One athletic goal I have with IWC is to add a winter sports competition to what we do in summer with TorTour. We haven’t quite figured out how to do it, but there are lots of different ski marathons around Switzerland that we could explore, and I’d like to build a team around that. When it comes to business goals, I think we truly have the potential to be a top 5 global luxury watch brand, and that’s what we need to be aiming for. We’re very strong in China, Korea, Hong Kong, Macau, and we have saturation in Europe. Sales of the Big Pilot have gone up nearly 90% in Australia, interestingly enough. If you go to the Bondi Icebergs, you see Big Pilots everywhere, and that wasn’t the case a year ago. The same in London. However, for all that, we’re still tiny in America, which is the biggest luxury market in the world.
We have an American founder, and the aviation or sailing themed products we have are well-suited to the US market. For the next 5 or 10 years, I want to develop the American market because I believe we can be great. Our brand is quite understated and not showy, so we have to position ourselves well and play our endorsements correctly.

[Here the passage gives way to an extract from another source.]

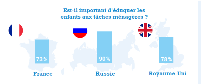 Si les parents reconnaissent volontiers qu’il est important d’impliquer leurs enfants dans la réalisation des tâches ménagères, dans les faits, ces derniers en assument assez peu. En France, ils prennent part à 6% des tâches du foyer, quand leur mère en assume la majorité (63% des tâches).
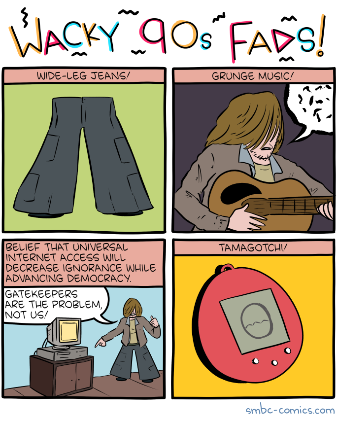 I’m a white cisgender man and yet I just don’t have the same happy memories of the internet at that time period that a lot of people do. I saw a lot of bullshit back then, and people wonder why it’s so prevalent in the tech community now: because it was back then, too.

As an example, a year and a half ago I met Bradley Cooper, and I felt that was an immediate click because he’s intelligent, very art-focused, and very down to earth. He’s a family man, and that is the character that describes the IWC brand. We’re a luxury brand, and we’re creating an emotional product that is entirely inessential. It’s an aesthetic thing; it has a function, yes, but what makes people fall in love with a product like this is that emotional coherence, that story, that dream. Filmmaking is very much the same, so people like Bradley embody that for us.